From the first line to the last, repeat the data exactly and drop the pictures.
___ Given data
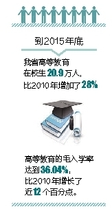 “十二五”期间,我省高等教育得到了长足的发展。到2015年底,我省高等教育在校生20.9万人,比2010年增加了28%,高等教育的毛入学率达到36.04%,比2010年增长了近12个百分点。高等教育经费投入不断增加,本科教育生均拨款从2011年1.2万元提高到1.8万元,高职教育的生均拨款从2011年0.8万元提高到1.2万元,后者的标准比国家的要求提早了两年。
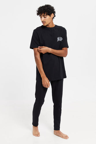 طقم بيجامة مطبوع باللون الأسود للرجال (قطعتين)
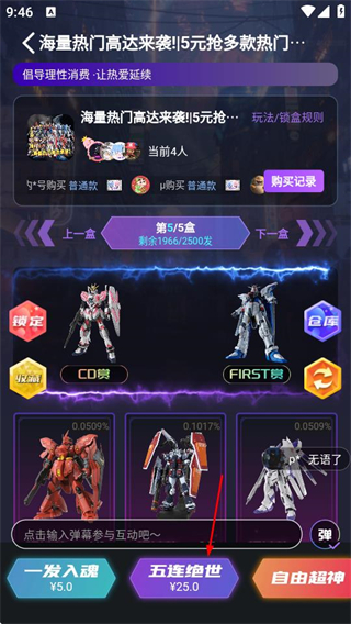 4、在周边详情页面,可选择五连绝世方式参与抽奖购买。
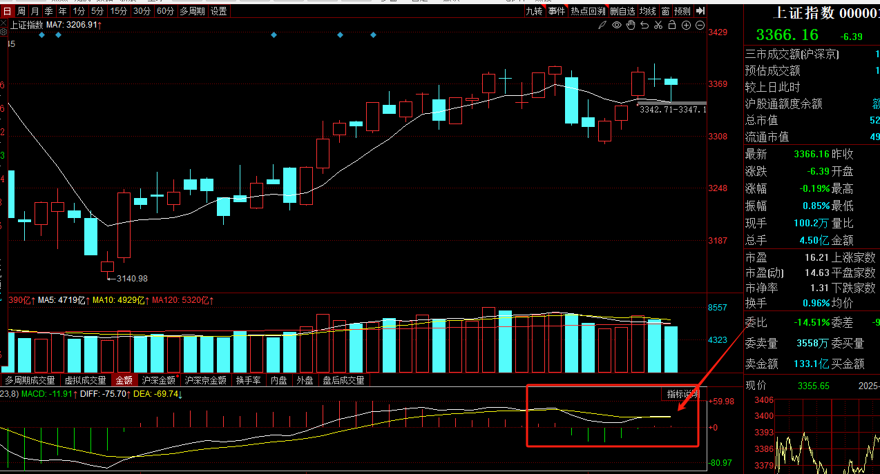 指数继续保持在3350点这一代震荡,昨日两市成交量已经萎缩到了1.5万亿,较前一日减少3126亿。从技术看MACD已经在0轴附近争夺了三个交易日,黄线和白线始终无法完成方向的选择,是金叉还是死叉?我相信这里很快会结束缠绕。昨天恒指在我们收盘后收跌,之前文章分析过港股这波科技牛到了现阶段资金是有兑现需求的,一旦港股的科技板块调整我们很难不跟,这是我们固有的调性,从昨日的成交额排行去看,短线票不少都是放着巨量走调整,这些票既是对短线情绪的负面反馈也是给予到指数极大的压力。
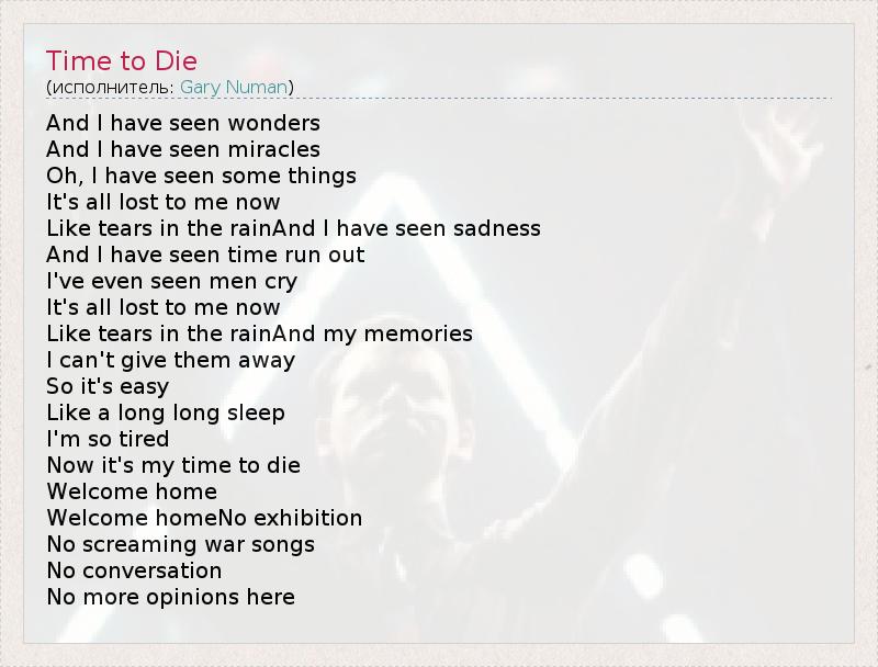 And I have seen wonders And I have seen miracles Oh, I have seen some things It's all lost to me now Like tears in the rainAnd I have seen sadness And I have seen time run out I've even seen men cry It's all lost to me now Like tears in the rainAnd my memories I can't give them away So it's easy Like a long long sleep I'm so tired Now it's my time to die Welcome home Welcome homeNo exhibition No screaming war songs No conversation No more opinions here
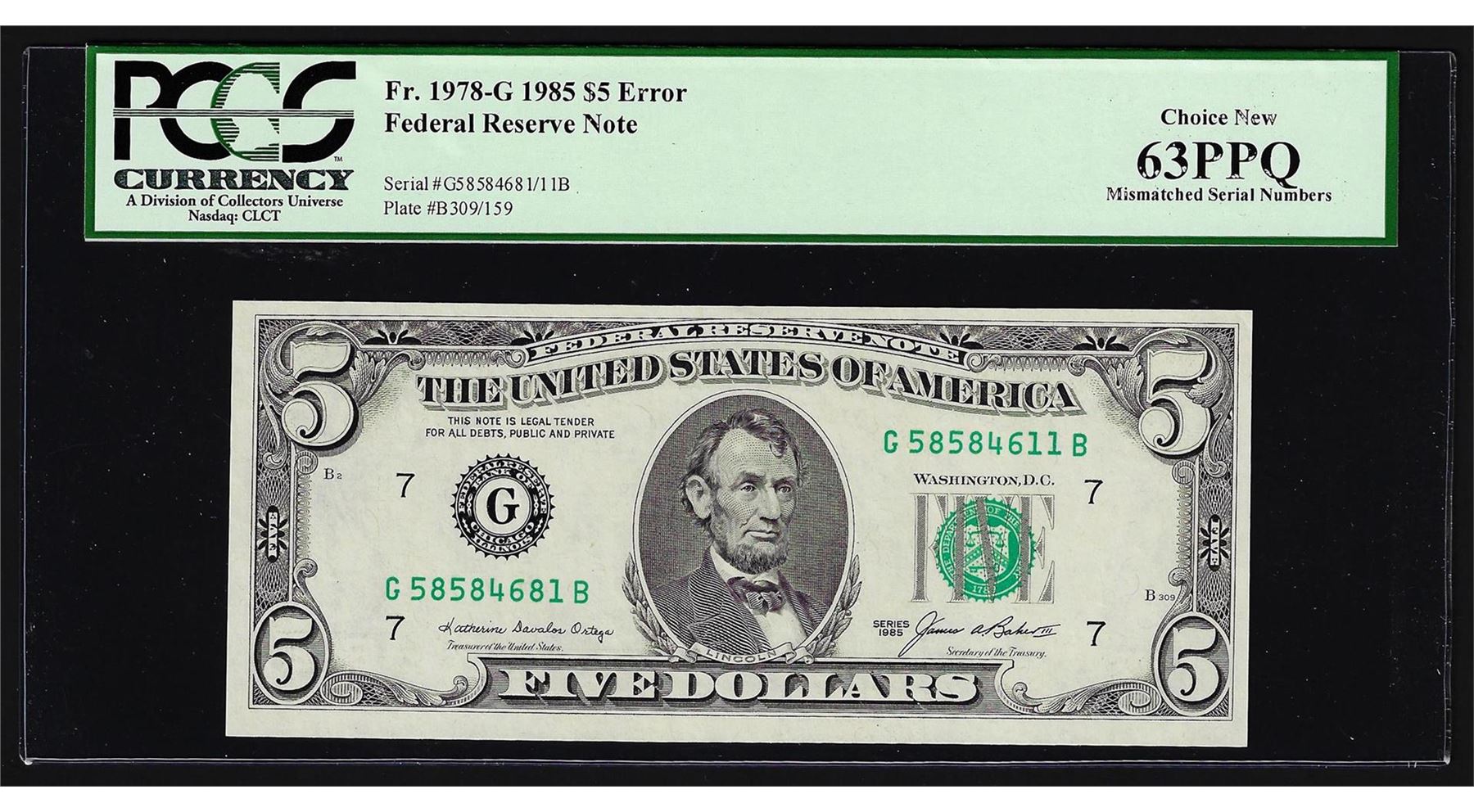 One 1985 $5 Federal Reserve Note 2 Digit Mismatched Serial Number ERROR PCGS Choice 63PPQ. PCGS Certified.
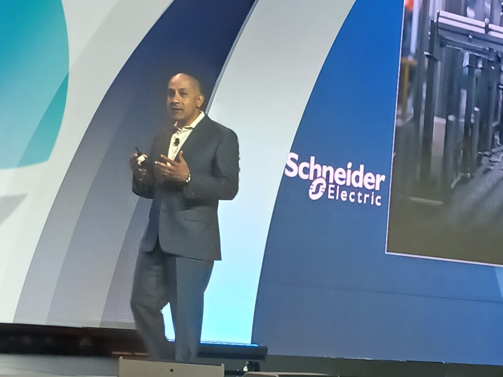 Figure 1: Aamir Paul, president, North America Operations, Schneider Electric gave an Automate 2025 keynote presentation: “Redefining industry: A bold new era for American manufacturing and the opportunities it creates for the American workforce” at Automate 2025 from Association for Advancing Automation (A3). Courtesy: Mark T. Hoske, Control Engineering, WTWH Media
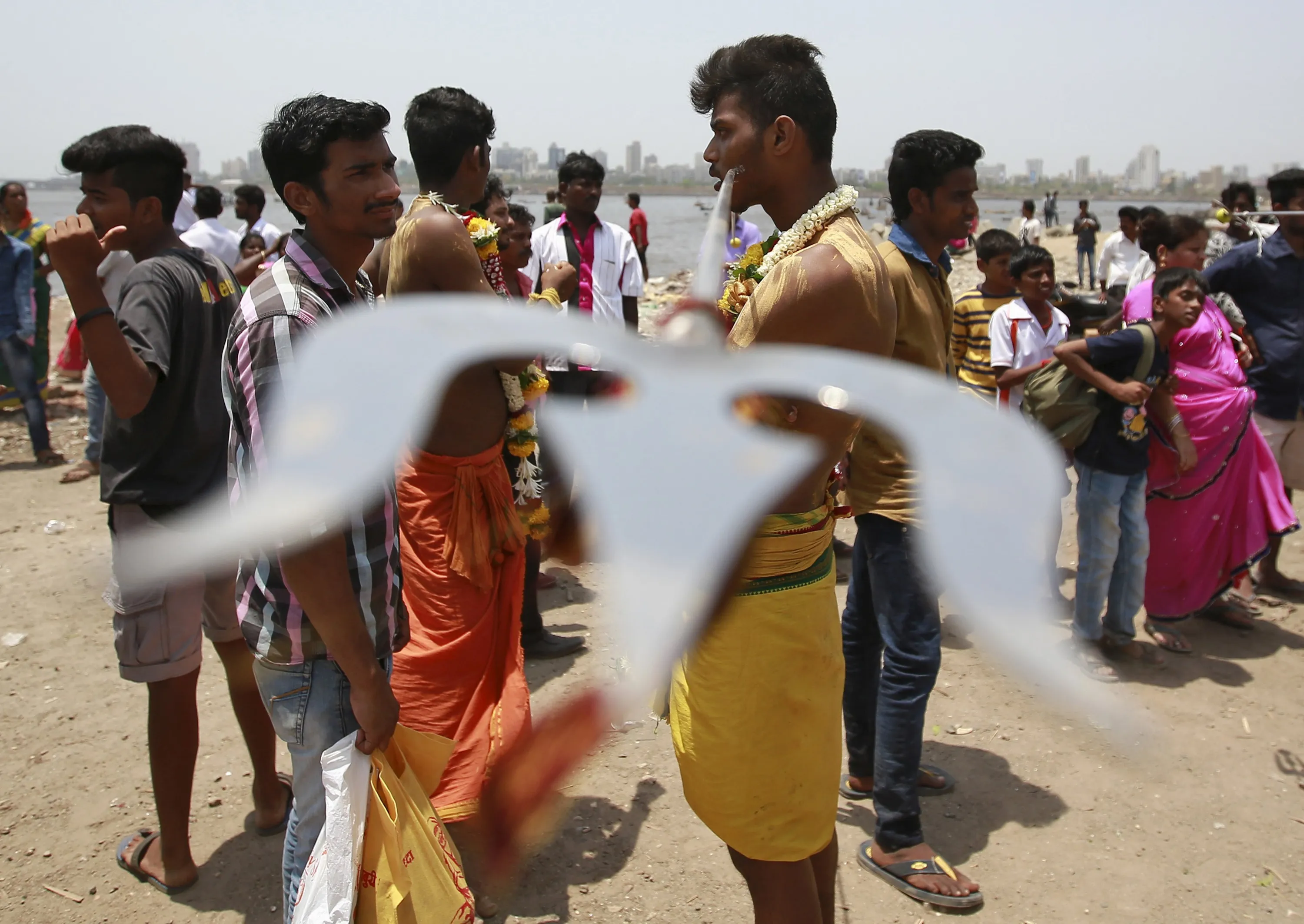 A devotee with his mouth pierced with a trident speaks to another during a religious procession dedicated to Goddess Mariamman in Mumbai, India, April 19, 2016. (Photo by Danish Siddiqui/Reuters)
______
Task answer -
 “十二五”期间,我省高等教育得到了长足的发展。到2015年底,我省高等教育在校生20.9万人,比2010年增加了28%,高等教育的毛入学率达到36.04%,比2010年增长了近12个百分点。高等教育经费投入不断增加,本科教育生均拨款从2011年1.2万元提高到1.8万元,高职教育的生均拨款从2011年0.8万元提高到1.2万元,后者的标准比国家的要求提早了两年。
 طقم بيجامة مطبوع باللون الأسود للرجال (قطعتين)
 4、在周边详情页面,可选择五连绝世方式参与抽奖购买。
 指数继续保持在3350点这一代震荡,昨日两市成交量已经萎缩到了1.5万亿,较前一日减少3126亿。从技术看MACD已经在0轴附近争夺了三个交易日,黄线和白线始终无法完成方向的选择,是金叉还是死叉?我相信这里很快会结束缠绕。昨天恒指在我们收盘后收跌,之前文章分析过港股这波科技牛到了现阶段资金是有兑现需求的,一旦港股的科技板块调整我们很难不跟,这是我们固有的调性,从昨日的成交额排行去看,短线票不少都是放着巨量走调整,这些票既是对短线情绪的负面反馈也是给予到指数极大的压力。
 And I have seen wonders And I have seen miracles Oh, I have seen some things It's all lost to me now Like tears in the rainAnd I have seen sadness And I have seen time run out I've even seen men cry It's all lost to me now Like tears in the rainAnd my memories I can't give them away So it's easy Like a long long sleep I'm so tired Now it's my time to die Welcome home Welcome homeNo exhibition No screaming war songs No conversation No more opinions here
 One 1985 $5 Federal Reserve Note 2 Digit Mismatched Serial Number ERROR PCGS Choice 63PPQ. PCGS Certified.
 Figure 1: Aamir Paul, president, North America Operations, Schneider Electric gave an Automate 2025 keynote presentation: “Redefining industry: A bold new era for American manufacturing and the opportunities it creates for the American workforce” at Automate 2025 from Association for Advancing Automation (A3). Courtesy: Mark T. Hoske, Control Engineering, WTWH Media
 A devotee with his mouth pierced with a trident speaks to another during a religious procession dedicated to Goddess Mariamman in Mumbai, India, April 19, 2016. (Photo by Danish Siddiqui/Reuters)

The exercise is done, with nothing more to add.